Shakespeare, the great master of the English Language, had one of the largest vocabularies of any English writer. He also had an extraordinary knowledge of medical science. In his plays he mentioned practically all the diseases and drugs of the day and some of his descriptions could not be bettered by any modern doctor. He spelled his name in 11 different ways: Willm Shakp, William Shakp, William Shakper, William Shakspe, William Shaksper, Wm Shaksper, William Shakspere, Willim bhakspere, William Shakspeare, William Shakspcar, William Shakespeare.
Did you know that?
• At the age of 13 Shakespeare left the Grammar school and never went to school again.
• John Shakespeare, the great playwright’s father, couldn’t write.
• Shakespeare wrote at least 37 plays, but only 18 of them were published in his lifetime and the first 8 didn’t even carry his name.
• Shakespeare usually wrote for a specific group of actors, and as they grew older he wrote plays with older characters to suit them.
Over 400 years ago, young William Shakespeare left Stratford-upon-Avon and went to London. There were several playhouses there and one of them, called the Theatre, was popular with Queen Elizabeth I. It was at the Theatre that Shakespeare began his acting career and started to write plays. Very soon the actors were told that they could no longer use the land that their theatre was built on.
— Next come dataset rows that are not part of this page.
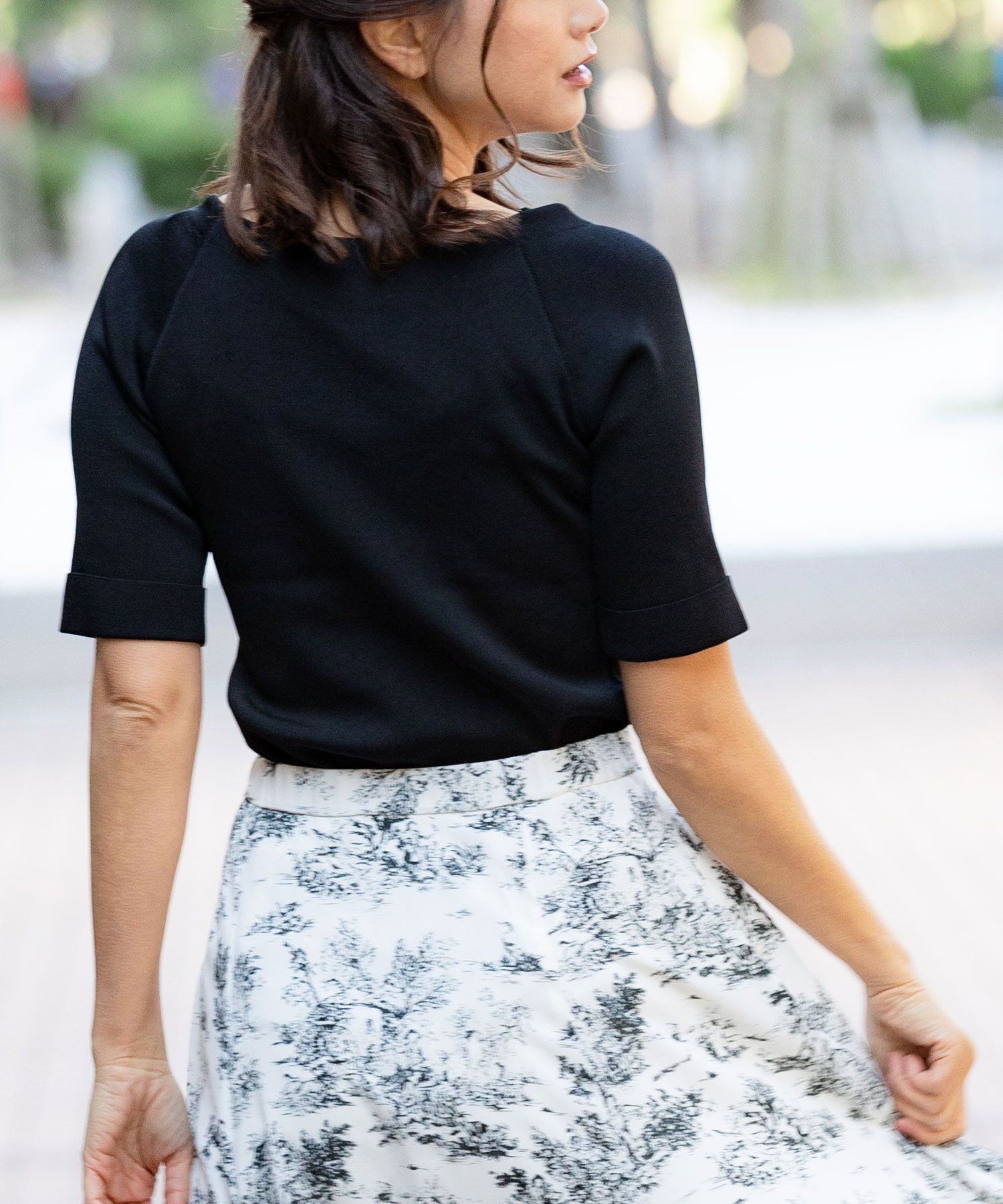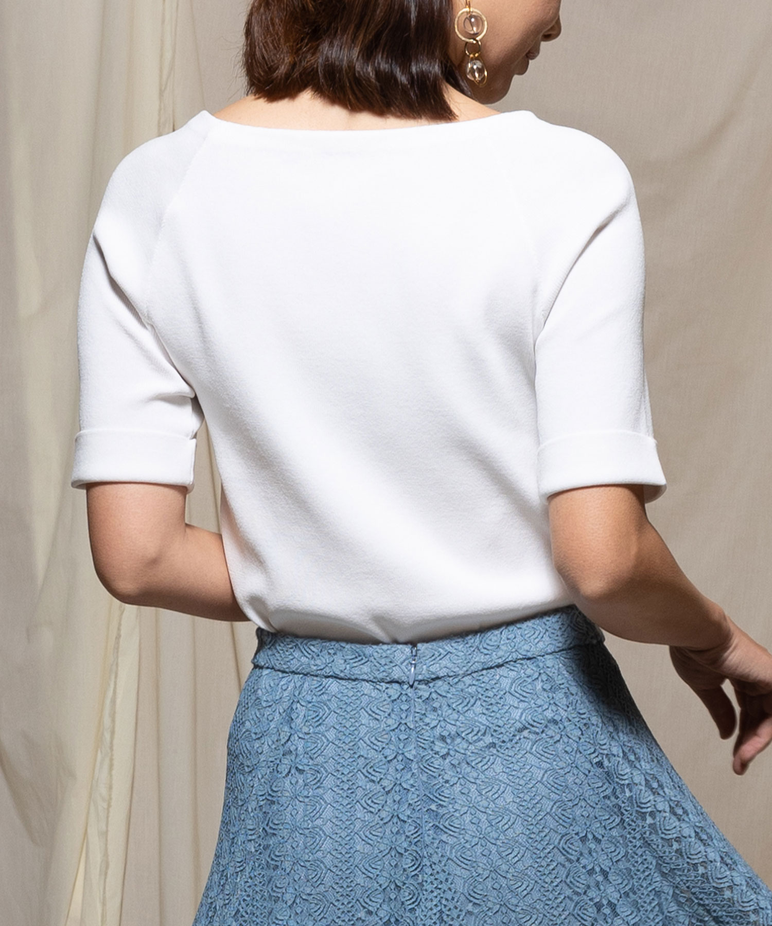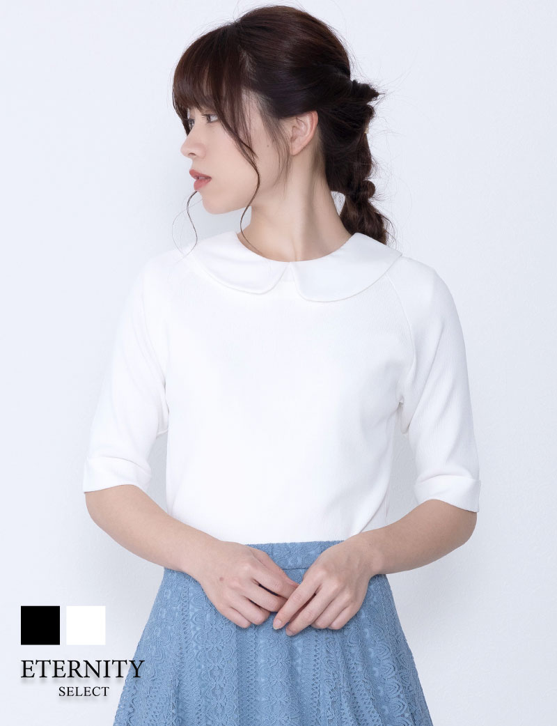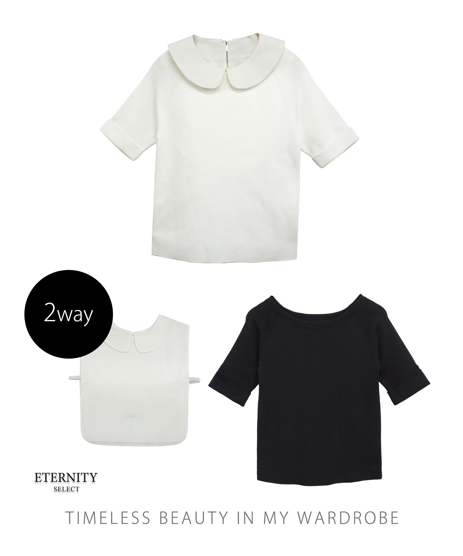 プレーンニット 付け襟 半袖トップス レディース リンクコーデ トップス ニット 襟付き 取り外せる ストレッチ 裏地 きれいめ シンプル おしゃれ 秋 冬 高見え 着回し オフィス 通勤 おでかけ 着痩せ 美シルエット ラグランスリーブ【ETERNITY】 骨格ウェーブ
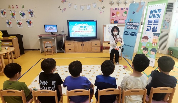 어린이집·유치원 대상 치아관리교육사업 ‘내 치아는 소중해’는 1년에 걸쳐 총 3회차로 진행된다. 1차 교육은 3월~5월, 2차 교육은 6월~9월 동안 진행된다. 일산서구보건소는 7월 말을 기준으로 40개의 기관에서 교육을 진행했다.
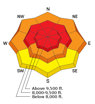 The avalanche danger is HIGH on all steep slopes at the upper elevations, where human-triggered slab avalanches are likely. The avalanche danger is also HIGH on mid-elevation steep slopes facing west, through the north, through east. We have very dangerous avalanche conditions. Slab avalanches 1-3 feet deep hundreds of feet wide are likely. These are unsurvivable avalanche conditions.
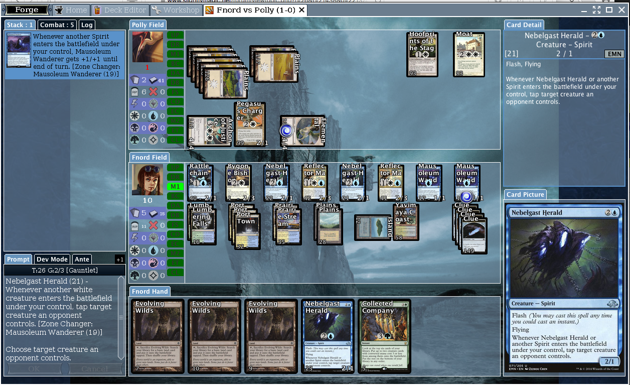The trigger on Nebelgast Herald functions correctly, but its text is wrong: it says "another white creature" instead of "another Spirit".
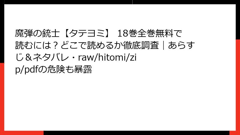 魔弾の銃士【タテヨミ】 18巻全巻無料で読むには?どこで読めるか徹底調査|あらすじ&ネタバレ・raw/hitomi/zip/pdfの危険も暴露
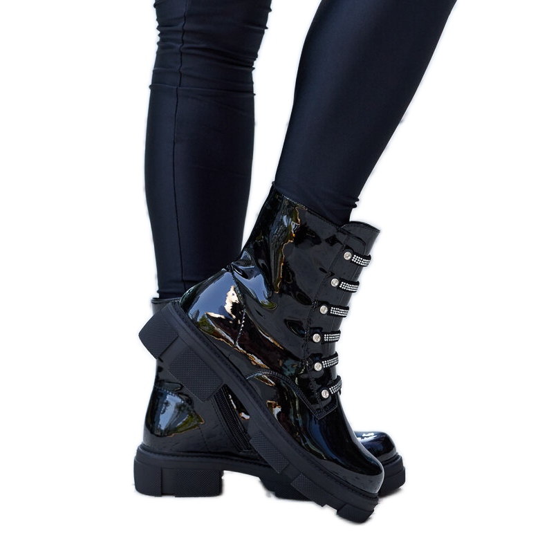 Részletek: Fekete lakkozott bokacsizma Sfaranda strasszokkal
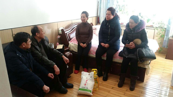 二、 走访慰问贫困家庭活动。在新年前夕,在王兆街领导及妇联陪同香坊区卫生计生局局长王振同志一行到王兆地区贫困姐妹魏淑琴和王扬俩户特扶家庭走访慰问,给她们送去了慰问金、豆油、面粉等慰问品,并向她们表达新年的美好祝福。当特扶家庭王扬接到500元慰问金还有慰问品时,热泪盈眶激动地说:“感谢党,感谢政府对我们的关心!谢谢你们。”
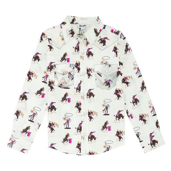 Wrangler Girl's Long Sleeve Rodeo Cowboy Print Snap Shirt
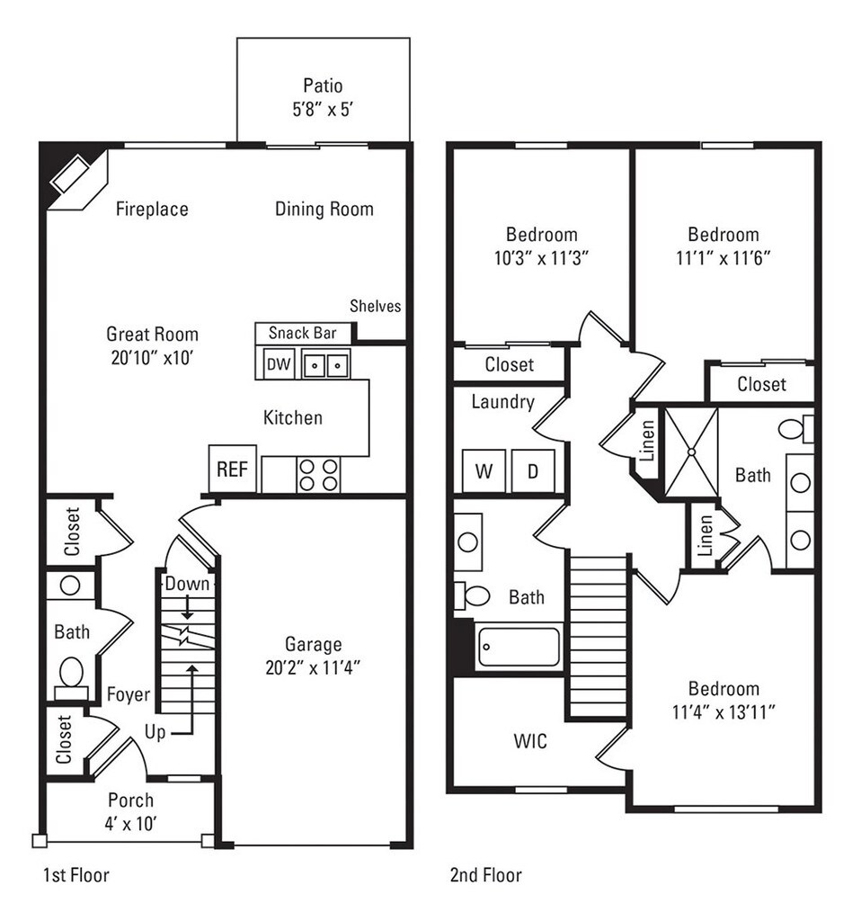 3 Bedroom, 2.5 Bath Townhome 1,405 sq. ft.

They say that the acting troop took down their theatre and carried it across the river where it was rebuilt in Southwark. They called it the Globe.
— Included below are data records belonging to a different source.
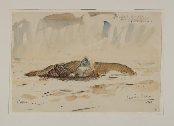 - NOTIZIE STORICO CRITICHE Quando nel 1940 l'Italia entrò in guerra a fianco della Germania, Maceo Casadei partì come volontario con il "reparto guerra", in qualità di pittore e fotoreporter per l'Istituto Nazionale Luce, con l'obbiettivo di documentare le operazioni belliche delle truppe italiane. Nelle sue memorie, scritte tra il 1950 e il 1960, l'artista forlivese racconta dettagliatamente tutti i momenti del conflitto a cui prese parte e offre un minuzioso resoconto della sua attività e dei suoi spostamenti. Delle sue esperienze si ha testimonianza nelle circa 6000 fotografie scattate e nelle oltre 400 "impressioni" realizzate in dipinti e disegni. Dopo alcune missioni nei mari italiani, e avendo girovagato in largo e in lungo per la penisola, nell'ottobre del 1941 Maceo si sposta in Africa settentrionale. Cosi scrive: "mi venne il desiderio di recarmi sui fronti in terra Africana, sicuro di poter raccogliere un maggior materiale di guerra, ed un diverso 'color locale' […] Dopo Tripoli, El Adem e Tobruk, ci dirigemmo a Bir-El-Gobi per riprendere le ultime fasi di una crudele battaglia" (A. Imbellone, Maceo: anni Romani, 1934-1944, Cinisello Balsamo 2008, p. 34). Nella primavera del 1942, dopo il passaggio da Dumini e Tauorga, Maceo chiese e ottenne il permesso di far ritorno a Roma, e tra il maggio e il giugno dello stesso anno allestisce alle Terme di Roma la sua prima personale di guerra, presentando una quarantina di opere. \nDal 30 settembre al 12 ottobre del 1942, invece, la Galleria milanese del Milione ospitò la seconda mostra di guerra di Maceo, questa volta formata da soli disegni e guazzi, per un totale di 32 fogli. Nel testo introduttivo alla mostra, firmato da Attilio Crespi, il critico sottolinea l'altissima capacità raggiunta dall'artista forlivese a far luce e inquadrare le scene, raccogliendo gesti e atteggiamenti attraverso una schietta emotività. Lo stesso Maceo ricorda nelle sue memorie manoscritte, il grande successo di critica e di pubblico ottenuto dalla mostra e la triste chiusura a causa del primo bombardamento aereo su Milano.\nDi questi disegni, secondo le parole dell'artista, 28 furono venduti: 8 acquistati da privati, 5 dal Museo del Rinascimento di Milano e la rimanenza dal comune del capoluogo lombardo e destinati alle Raccolte Bertarelli. A questi 15 fogli, oggi conservati all'interno del Civico Gabinetto di Disegni (invv. 1949/1 C 202/1 - 1949/15 C 202/15), si è aggiunto un altro nucleo donato dal pittore intorno agli inizi degli anni Sessanta. Essi comprendono alcune opere eseguite come le precedenti durante la campagna in Africa (invv. Agg. 239; 70; 228; 229; 234), e altri disegni datati al 1918, al 1943 e al 1944 (invv. Agg. 68-71; 228-238). I disegni di guerra di Maceo Casadei realizzati tra il 1941 e il 1942 si distaccano, nella maggior parte dei casi, dal tipico filone documentario per un carattere di sintetica immediatezza e vibrazione lirica del colore. Il mutare rapido della scena costringe l'artista a immortalare il gemito della raffigurazione tramite tratti veloci di inchiostro di china e linee spezzate in supporti cartacei, alcuni dei quali di fortuna: pagine di protocollo stampato, fogli di taccuino o di diario. Così scrisse "fotografo e disegno scarabocchiando fogli su fogli di carta d'ogni tipo e colore" (Ivi). Attraverso il filtro del suo sguardo Maceo concentra il dramma della guerra in una rappresentazione piena di dinamicità, dove il dolore non è raffigurato attraverso le figure, che risultano schematiche e abbozzate, ma in una resa violenta del conflitto armato. Attraverso un tratto veloce e schizzato con variazioni delicate di colore diluito, la guerra è tratteggiata in lontananza con i soldati in corteo tra le sterminate dune del deserto o all'interno di buche scavate nella terra; tra i mari in mezzo agli scontri navali o nei campi di battaglia tra i carri armati. Oltre a ciò Casadei realizza alcuni splendidi paesaggi di deserto inserendo in alcuni casi non solo i cortei delle truppe militari, ma anche piccole figurine schizzate o accampamenti di beduini. Inoltre, con l'intento di offrire il ricordo di quei terribili ma avventurosi momenti, ogni foglio è contraddistinto, oltre che da data e firma, dalla presenza di note autografe con il quale l'artista regista le vicende che raffigura.
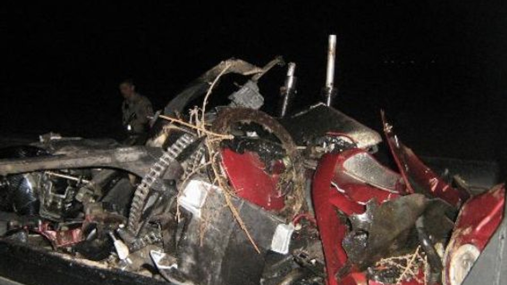 Sytuacja niemal jak z amerykańskiego filmu. Wszystko dzieje się 21 grudnia, tuż przed świętami Bożego Narodzenia. 19-letni Noe Marcos Calazo jedzie swoją Yamahą YZF rocznik 2004 (brak informacji czy była to Yamaha R1 czy R6). Chwilę przed "złapaniem" przez policję motocyklista podejrzewany o jazdę pod wpływem zjechał z drogi i po przejechaniu kilkuset metrów uderzył w słup sygnalizacji świetlnej. Jednoślad zanim uderzył w drewniany słupek wyskoczył w powietrze na ponad 5 metrów. Motocykl został doszczętnie zniszczony. W powietrze wystrzelił również kierowca motoru, który uderzył w ziemię po przeleceniu niemal 32 metrów. Calazo doznał rozległych obrażeń i w krytycznym stanie został przetransportowany do szpitala. Jak widać na zdjęciach przekazanych przez biuro szeryfa hrabstwa Pinal w Arizonie nawet polscy "specjaliści" mieli by problem z odbudowaniem motocykla.
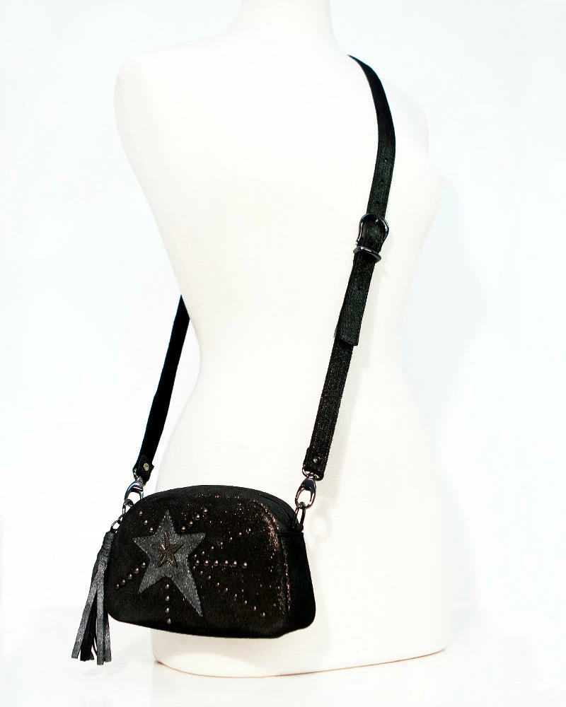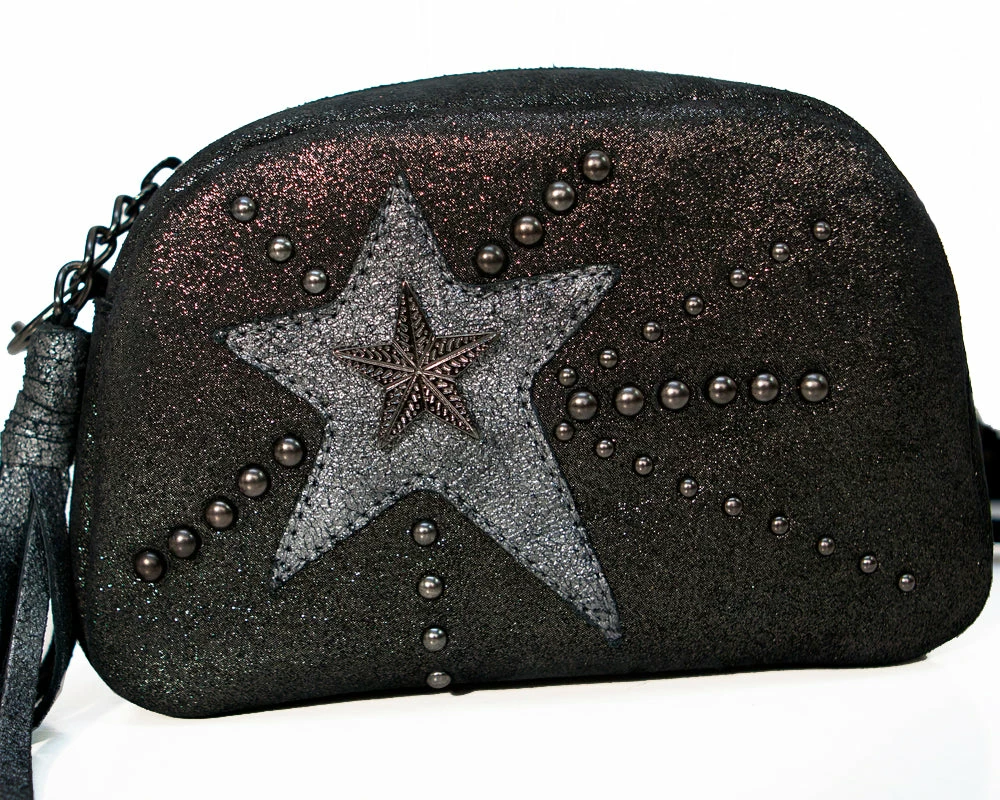 A whimsical star design gives this metallic leather crossbody bag a charming twist.

Shakespeare’s Globe was rather different from modern theatres. The plays were performed in the open air and the only lighting was the daylight. If the weather was bad the performance was cancelled.
In those days women weren’t allowed to act in public and all the parts (even Juliet!) were played by men. If a lady went to see a performance, she wore a mask.
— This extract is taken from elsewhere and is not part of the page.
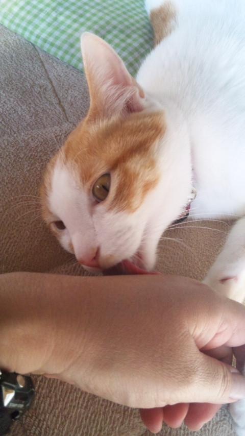 手を伸ばしたら トウイがなめてくれました^^

In the summer of 1613 The Globe was burnt to the ground. A year later it was rebuilt.
William Shakespeare, the greatest playwright the world had ever known, died of a fever in 1616.
In 1642 the theatre was closed by the Puritans and pulled down in 1644.
In 1949, an American actor Sam Wanamaker came to London and decided to visit the famous Globe Theatre. However, he found only a plaque on the wall of a brewery: “Here stood the Globe Playhouse of Shakespeare”. He was so shocked and decided to rebuild the Globe. It took him many years.
On June 12 1997, Her Majesty the Queen opened the International Shakespeare Globe Centre, the re-creation of Shakespeare’s theatre. Unfortunately, Sam Wanamaker died in 1993 and didn’t see that his dream finally came true.